UsageBox Kata #4: Per-Customer, Per-Model Cost with Dimensions

Turn the meter into a management instrument. A hands-on kata: attach up to 16 dimension keys (customer, feature, region, agent) at ingest, then slice cost any way you need - per model with group_by, per feature on any dimension, multi-key cross-tabs through the JSON query API, and ad-hoc SQL for one-off slices. From slice to decision: find your most expensive feature or customer and compute margin per customer. The catch you plan around: you can only group later on the dimensions you recorded now. Production notes, variations, and FAQ.

8 min read

usagebox katadimensionscost allocationper-customer costper-model costunit economicsmetering APIanalytics2026

This is a hands-on kata, not a think-piece. The goal: turn your usage meter from a number that feeds an invoice into a management instrument you can interrogate - cost sliced by customer, by model, by feature, by region - using nothing but the real metering API. By the end you will be able to answer "which feature is burning the most Opus tokens?" and "what is my margin on this account?" without a data warehouse, a nightly ETL, or a new table of your own.

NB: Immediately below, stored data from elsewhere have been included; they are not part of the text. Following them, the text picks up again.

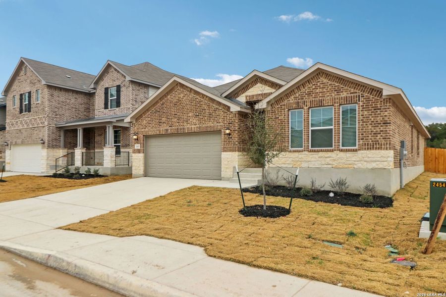 Brand new, energy-efficient home available by Jan 2026! Sip your morning coffee at the Henderson's convenient kitchen island overlooking the dining and living rooms. In the primary suite, elegant, sloped ceilings complement the sizeable space, including ensuite with dual sinks and large walk-in closet. Starting in the $300s, Sagebrooke is located on San Antonio's far west side within the highly regarded Northside ISD. This community offers convenient access to Joint Base Lackland, Government Canyon State Natural Area, SeaWorld, and The Shops at Alamo Ranch. With over 450 homes planned, Sagebrooke features a brand-new amenity center, complete with a resort-style pool where residents can unwind after a busy day. Each of our homes is built with innovative, energy-efficient features designed to help you enjoy more savings, better health, real comfort and peace of mind. Photo is not of the actual home but is an inspirational photo of builder's model home and may depict options, furnishings, and/or decorator features that are not included.
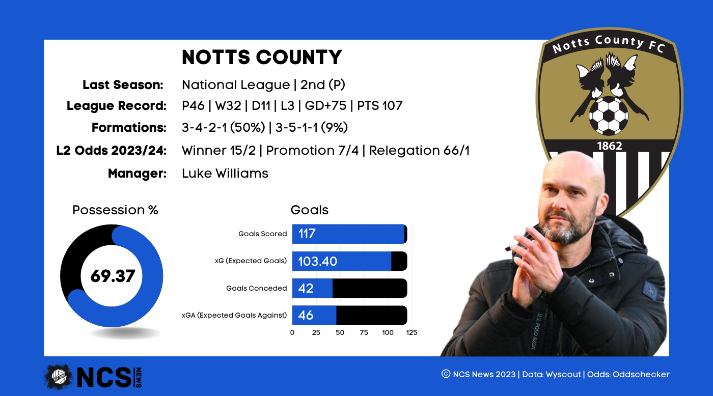 The Oldest Football League club are now the Newest Football League club. In typical Notts fashion it was a rollercoaster to get there, with a dramatic playoff campaign which culminated in a trophy lift at Wembley. It was redemption on many levels, Notts’ 4th attempt in the National League playoffs, the 1st of which had ended in defeat at Wembley, behind closed doors. It was also a season in which they fell short in the title race, but produced when it mattered to secure their return to the EFL after a 4 year hiatus. That competitive rivalry with Wrexham may be reignited this season, but with 3 automatic promotion spots we’re unlikely to see such a fiercely contested title race again. It was a season in which many records were broken, including the longest unbeaten run in the club’s history, and the most points too, breaking the 100 point barrier for the first time, finishing with 107 points, which incredibly was 4 short of the title. And while it was a season which ended in 2nd place, it was a campaign that actually saw Notts top chart after chart. They scored the most goals in the top 5 divisions, 117, the highest Expected Goals, 107.2, and the highest average possession in the country too, 70%. Notts’ tenure in the National League was characterised by stylish football, but the arrival of head coach Luke Williams showed that attractive football can be effective too; he produced tangible results, and will be looking to do the same again this season.
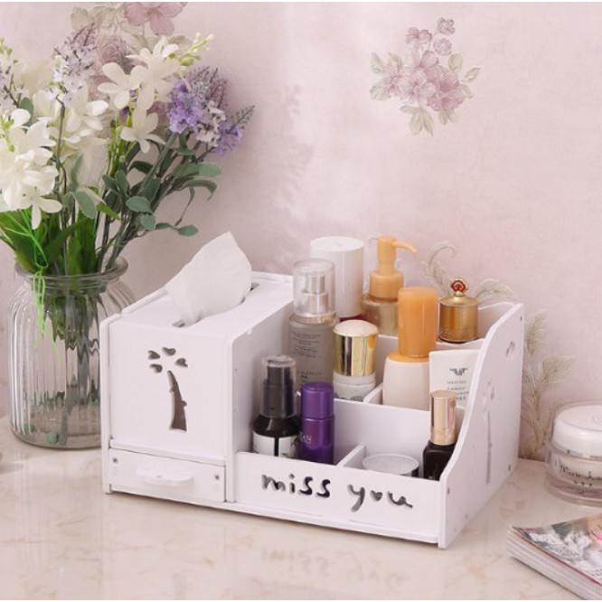 Khay đựng mỹ phẩm kèm hộp rút khăn giấy miss you
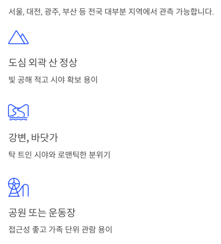 | 도심 외곽 산 정상 | 빛 공해 적고 시야 확보 용이 |
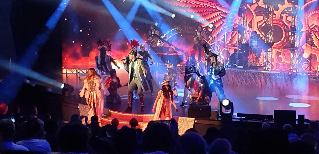l’intrattenimento dal vivo a bordo della nave, con un programma adattato alle nuove esigenze e la capacità del teatro ridotta al fine di garantire il distanziamento fisico in modo che tutti possiamo scegliere e godere di una grande varietà di spettacoli pluri-premiati.
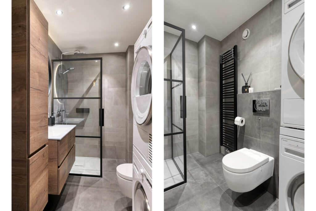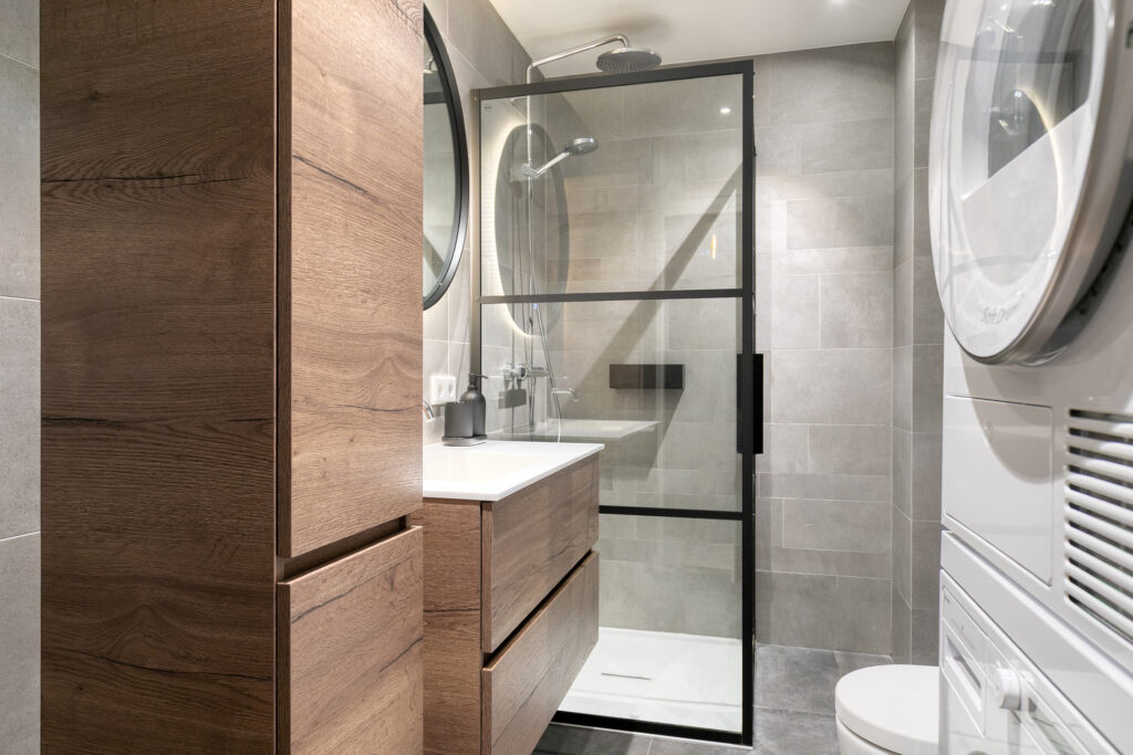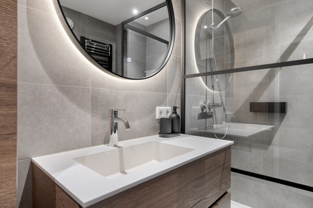 De luxe badkamer is uitgerust met een ruime douche met een thermostaatkraan en stortdouche, een wandcloset, een wastafelmeubel, een spiegel met verlichting, een badkamerkast en een designradiator. Tevens bevindt zich hier de wasmachineaansluiting.
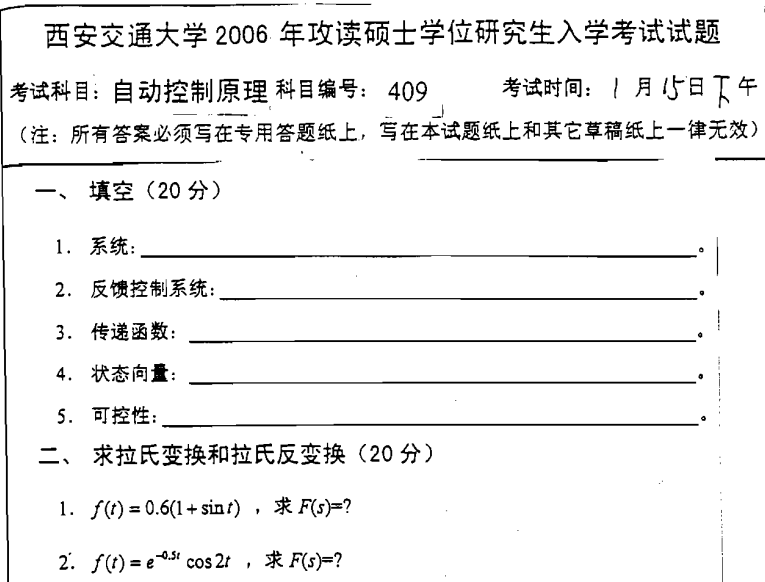 西安交通大学811自动控制原理与信号与系统2003-2005、2007-2008考研真题汇编.

The one idea that makes all of this work: you can only group later on what you recorded now. If you want per-feature cost in three weeks, you have to attach a feature dimension to every event today. So this kata starts at ingest, where the leverage is. If you have already worked through Kata #1 and have idempotent ingest running, you are ready.

Step 1: attach dimensions at ingest (the move that pays off later)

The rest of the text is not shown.